ASSIGNED TASK - Exact copy, no pictures: return only the lines below from the line with "The XPS results" up to and including the line with "This bingo card".

PROVIDED MATERIAL -
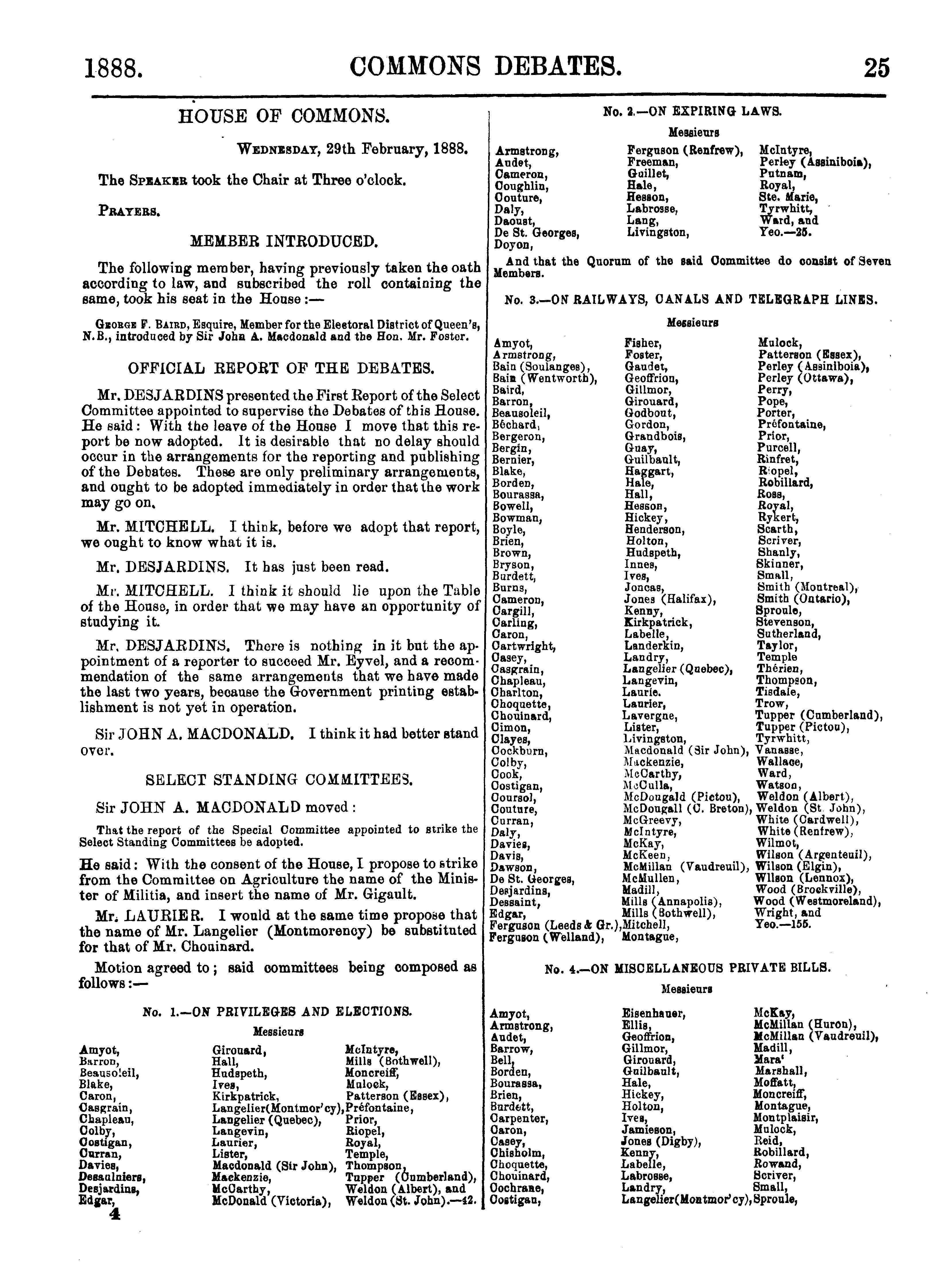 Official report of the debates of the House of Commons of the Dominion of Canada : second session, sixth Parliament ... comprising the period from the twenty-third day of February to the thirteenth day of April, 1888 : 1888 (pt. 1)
---
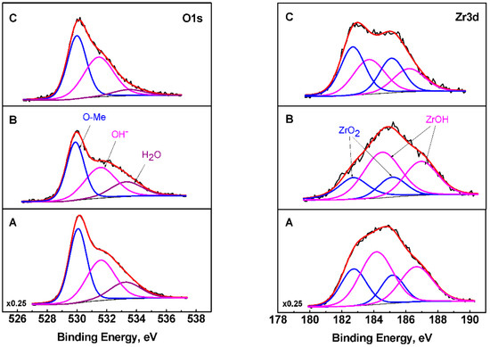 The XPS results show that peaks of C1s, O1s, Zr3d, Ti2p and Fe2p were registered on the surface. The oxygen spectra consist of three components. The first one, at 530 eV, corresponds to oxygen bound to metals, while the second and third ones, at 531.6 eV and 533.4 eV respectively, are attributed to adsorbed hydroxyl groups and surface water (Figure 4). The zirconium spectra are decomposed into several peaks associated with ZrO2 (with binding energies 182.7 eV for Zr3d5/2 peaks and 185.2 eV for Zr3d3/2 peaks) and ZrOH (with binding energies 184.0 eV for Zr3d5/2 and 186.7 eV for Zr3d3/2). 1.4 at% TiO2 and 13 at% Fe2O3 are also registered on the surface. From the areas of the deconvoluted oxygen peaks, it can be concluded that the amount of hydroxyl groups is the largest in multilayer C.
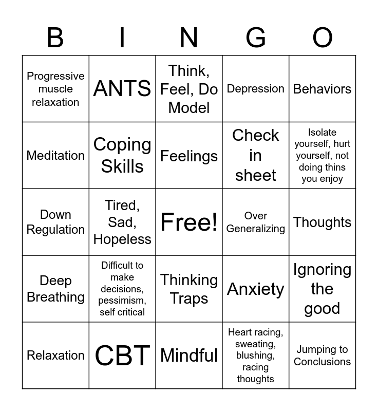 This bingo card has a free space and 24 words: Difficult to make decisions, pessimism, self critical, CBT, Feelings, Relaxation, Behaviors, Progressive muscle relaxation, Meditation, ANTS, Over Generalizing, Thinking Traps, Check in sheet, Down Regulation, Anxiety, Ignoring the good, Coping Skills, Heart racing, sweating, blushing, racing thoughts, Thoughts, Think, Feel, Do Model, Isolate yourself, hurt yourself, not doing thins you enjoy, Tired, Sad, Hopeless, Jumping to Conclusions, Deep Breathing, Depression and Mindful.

YOUR RESPONSE -
 The XPS results show that peaks of C1s, O1s, Zr3d, Ti2p and Fe2p were registered on the surface. The oxygen spectra consist of three components. The first one, at 530 eV, corresponds to oxygen bound to metals, while the second and third ones, at 531.6 eV and 533.4 eV respectively, are attributed to adsorbed hydroxyl groups and surface water (Figure 4). The zirconium spectra are decomposed into several peaks associated with ZrO2 (with binding energies 182.7 eV for Zr3d5/2 peaks and 185.2 eV for Zr3d3/2 peaks) and ZrOH (with binding energies 184.0 eV for Zr3d5/2 and 186.7 eV for Zr3d3/2). 1.4 at% TiO2 and 13 at% Fe2O3 are also registered on the surface. From the areas of the deconvoluted oxygen peaks, it can be concluded that the amount of hydroxyl groups is the largest in multilayer C.
 This bingo card has a free space and 24 words: Difficult to make decisions, pessimism, self critical, CBT, Feelings, Relaxation, Behaviors, Progressive muscle relaxation, Meditation, ANTS, Over Generalizing, Thinking Traps, Check in sheet, Down Regulation, Anxiety, Ignoring the good, Coping Skills, Heart racing, sweating, blushing, racing thoughts, Thoughts, Think, Feel, Do Model, Isolate yourself, hurt yourself, not doing thins you enjoy, Tired, Sad, Hopeless, Jumping to Conclusions, Deep Breathing, Depression and Mindful.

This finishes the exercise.